The assumption that heritability estimates calculated in captive populations are reliable indicators of heritability in wild populations has been challenged because those indicators tend to be larger due to a smaller phenotypic variance [Riska et al., 1989; Prout and Barker, 1989]. However, Weigensberg & Roff [1996] compared estimates of heritability measured in a large number of field studies to laboratory estimates on wild, outbred species and reported that most laboratory heritability estimates appear to provide reasonable estimates of the magnitude and significance of heritability in nature.

A limitation to the analysis of reproductive traits that could contribute to an over estimation of the heritability coefficients in many non-human primates is their complex social hierarchy. Rhesus monkey groups usually consist of matrilines with distinct dominance hierarchies and there is evidence that the social status of a female may not only influence her reproductive output but also that of her daughters. For example, onset of puberty, which is presumably the key factor in determining age at first birth, has been shown to be influenced by social status, with ovulation generally occurring earlier in juveniles from dominant matrilines. However, others have reported significant variation among females even within the same social rank [Schwartz et al., 1985; Wilson 1992; Zehr et al., 2004]. Similarly, females that are socially dominant and are heavier tend to have more ovulatory cycles, and there is a strong relationship between social rank, body weight and reproductive success [Drickamer 1974; Pope et al., 1986; Small 1981; Walker et al., 1983; Wilson et al., 1978]. Studies on small groups, where access to males is limited, have demonstrated that a dominant female can nearly monopolize a single male, even when in some cases the male’s preference is for females of lower social rank. In most instances, higher ranked females appear to initiate sexual activity to a significantly higher degree.
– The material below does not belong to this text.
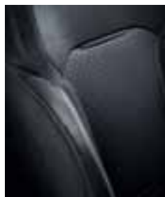
Temno blago v kombinaciji z imitacijo usnja

The dominant social structure in macaques reported by many authors suggest daughters of dominant females and of subordinate females tend to be more like their mother than like unrelated females. This could contribute to differences among maternal half-sib families and daughter-dam pairs but less among other kinds of relatives. If these effects cannot be partitioned from the additive genetic variance, they will be part of the estimate of additive genetic variance, and could bias heritability upward [Wilson et al., 2005]. The fact that the present study revealed relatively low heritability estimates does not mean that bias is not likely. Hopefully the growing awareness that maintenance of social structures are important for captive rhesus macaques will lead to gathering of information on social hierarchies which in turn may facilitate genetic studies that can incorporate social rankings in their models.